## Try it
An exact restatement of all the data is required, with the pictures left out.

··· Extracted entries

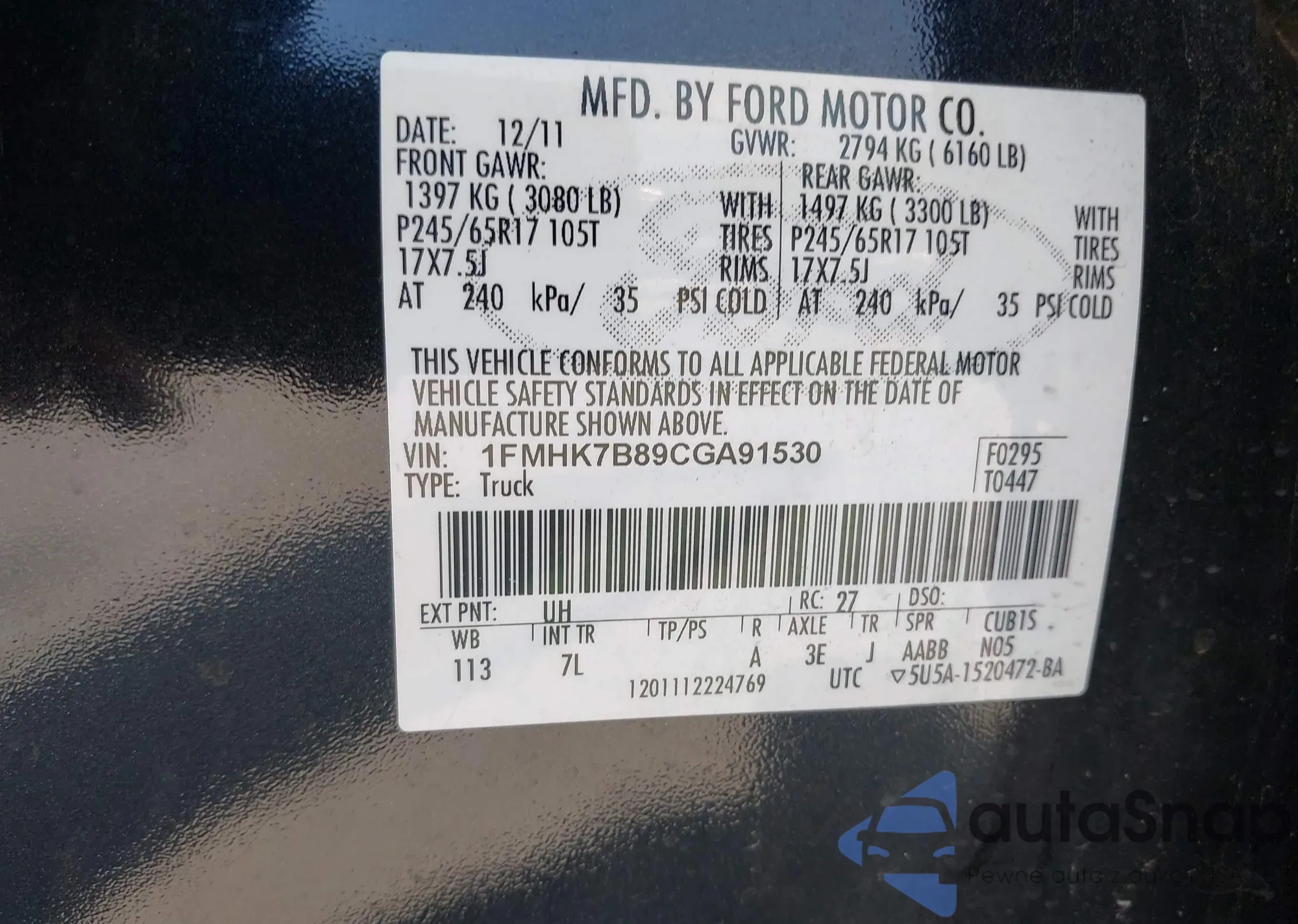 LOT: 40950231 VIN: 5XYKW4A21CG214394
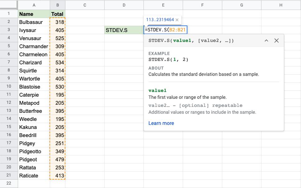 The STDEV.S function has successfully returned the Standard Deviation for the sample as 113,2319464.
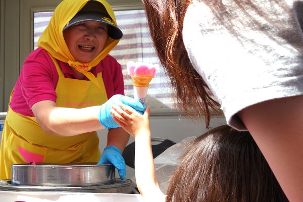 その売り方も昭和から続く伝統で、多くが「露店」という方式で行われます。断熱材を仕込んだ大きな缶に、アイスクリームの入った一回り小さい缶が入る事で、電気無しで一日中溶けずに冷却できる状態となり、その缶から売り子さんがコーンに盛り付けて販売します。
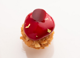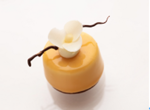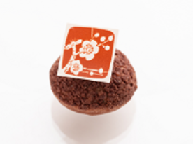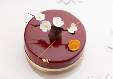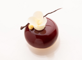外型高雅動人的這款美點,底層是巧克力沙布列酥餅,內餡則是杏仁蛋糕、柚子醬和菊花白巧克力慕斯組合而成,上方再飾以栩栩如生的蠟梅巧克力點綴,既好看又好吃!
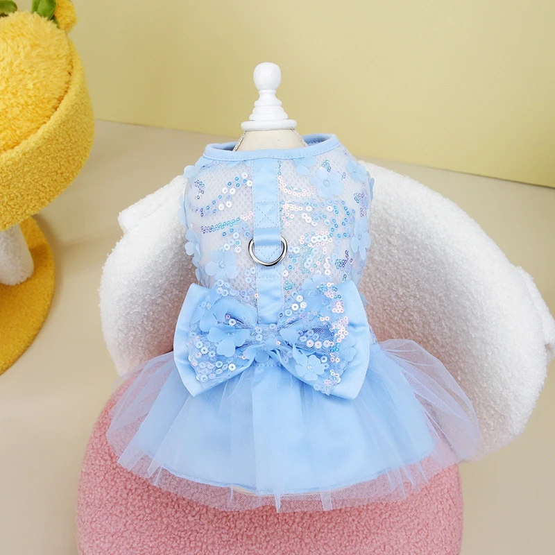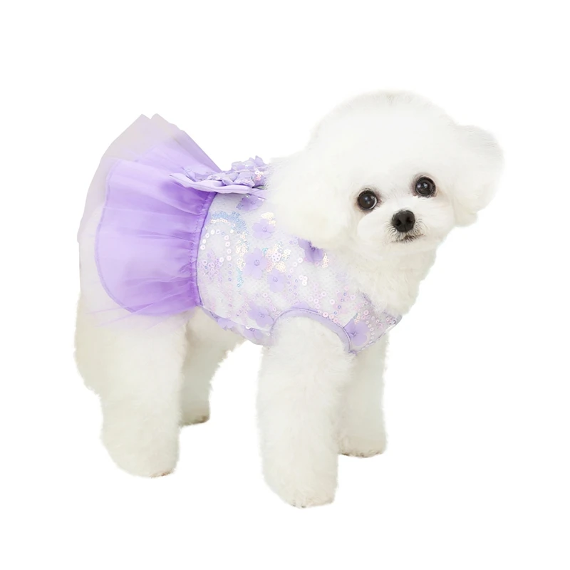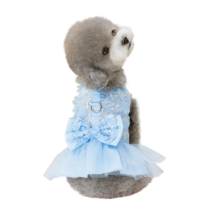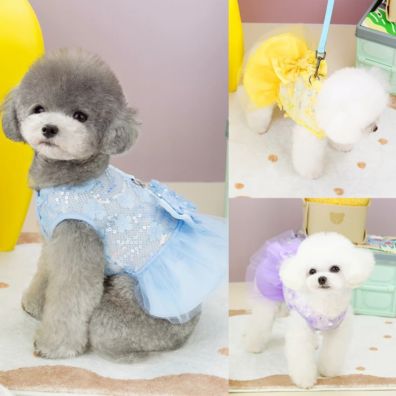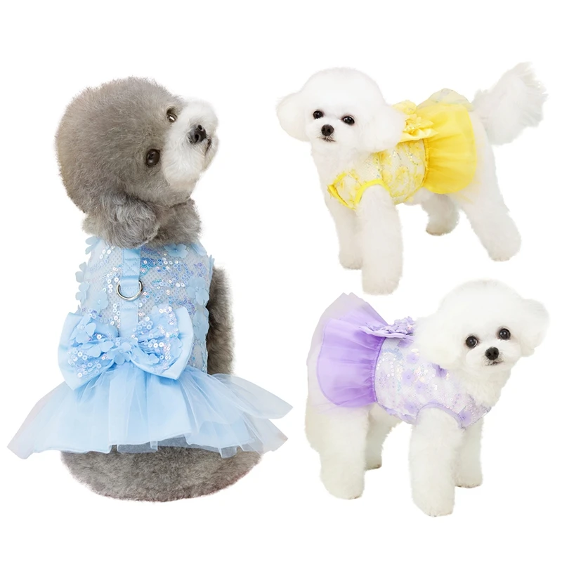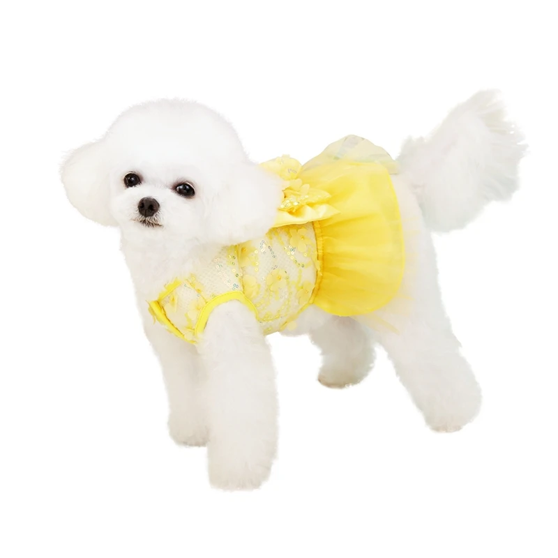 4. El vestido de verano para cachorros es un pequeño atuendo adecuado para perros. Puede ayudar a su mascota a destacar entre la multitud y mejorar su apariencia inocente y hermosa en varias ocasiones.
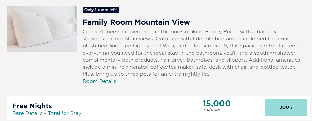 15,000 积分包括普通间和套房 (Family Room)
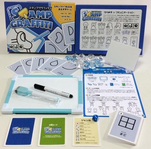 2. On va dessiner, Germaine !Le premier joueur joue son tour et dessine en premier. Il pose une carte tampon, venant de sa main, face visible devant lui. Tout en respectant les règles explicitées ci-après, il doit reproduire ce dessin-là comme un tampon le ferait sur le tableau. Les autres cartes en main ne sont pas jouées.
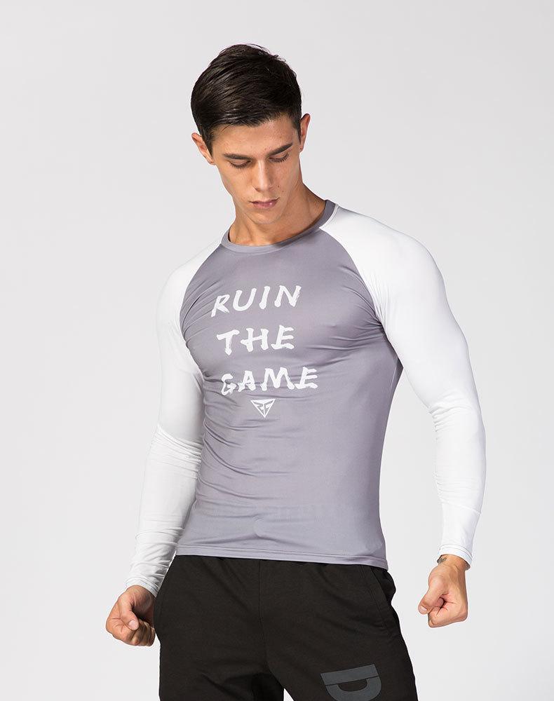 Compre T-shirt de treino masculina outono de secagem rápida manga comprida T-shirt compressão alongamento cor apertada combinando esportes fitness roupas moda no atacado no Joom.pro
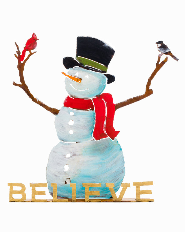 The Snowman Believe Tab is made of recycled steel and pre-treated to create our signature rusted texture and natural look. It's then hand-painted by our artists to make it a perfect holiday decoration.
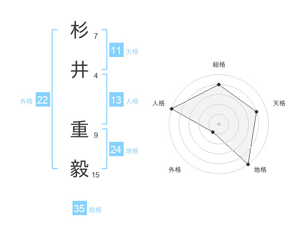杉井 重毅さんの総格は35画の4点!
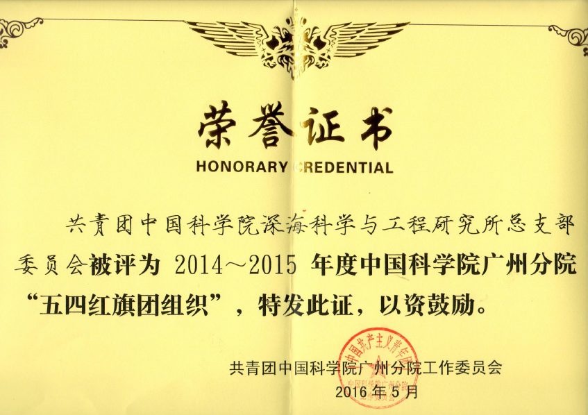 為進一步推進中國科學院廣州分院基層團組織的各項建設,增強團組織的凝聚力和戰斗力,引導團員、團干部積極投身實施 “率先行動”計劃,廣州分院團工委在“五四青年節”期間,表彰一批2014~2015年度廣州分院“五四紅旗團組織”、優秀團干部和優秀團員。深海所團總支部被評為“2014~2015年度中國科學院廣州分院五四紅旗團組織”,吳乃天同志被評為“2014~2015年度中國科學院廣州分院優秀共青團干部”。

······

## Answer area
 LOT: 40950231 VIN: 5XYKW4A21CG214394
 The STDEV.S function has successfully returned the Standard Deviation for the sample as 113,2319464.
 その売り方も昭和から続く伝統で、多くが「露店」という方式で行われます。断熱材を仕込んだ大きな缶に、アイスクリームの入った一回り小さい缶が入る事で、電気無しで一日中溶けずに冷却できる状態となり、その缶から売り子さんがコーンに盛り付けて販売します。
外型高雅動人的這款美點,底層是巧克力沙布列酥餅,內餡則是杏仁蛋糕、柚子醬和菊花白巧克力慕斯組合而成,上方再飾以栩栩如生的蠟梅巧克力點綴,既好看又好吃!
 4. El vestido de verano para cachorros es un pequeño atuendo adecuado para perros. Puede ayudar a su mascota a destacar entre la multitud y mejorar su apariencia inocente y hermosa en varias ocasiones.
 15,000 积分包括普通间和套房 (Family Room)
 2. On va dessiner, Germaine !Le premier joueur joue son tour et dessine en premier. Il pose une carte tampon, venant de sa main, face visible devant lui. Tout en respectant les règles explicitées ci-après, il doit reproduire ce dessin-là comme un tampon le ferait sur le tableau. Les autres cartes en main ne sont pas jouées.
 Compre T-shirt de treino masculina outono de secagem rápida manga comprida T-shirt compressão alongamento cor apertada combinando esportes fitness roupas moda no atacado no Joom.pro
 The Snowman Believe Tab is made of recycled steel and pre-treated to create our signature rusted texture and natural look. It's then hand-painted by our artists to make it a perfect holiday decoration.
杉井 重毅さんの総格は35画の4点!
 為進一步推進中國科學院廣州分院基層團組織的各項建設,增強團組織的凝聚力和戰斗力,引導團員、團干部積極投身實施 “率先行動”計劃,廣州分院團工委在“五四青年節”期間,表彰一批2014~2015年度廣州分院“五四紅旗團組織”、優秀團干部和優秀團員。深海所團總支部被評為“2014~2015年度中國科學院廣州分院五四紅旗團組織”,吳乃天同志被評為“2014~2015年度中國科學院廣州分院優秀共青團干部”。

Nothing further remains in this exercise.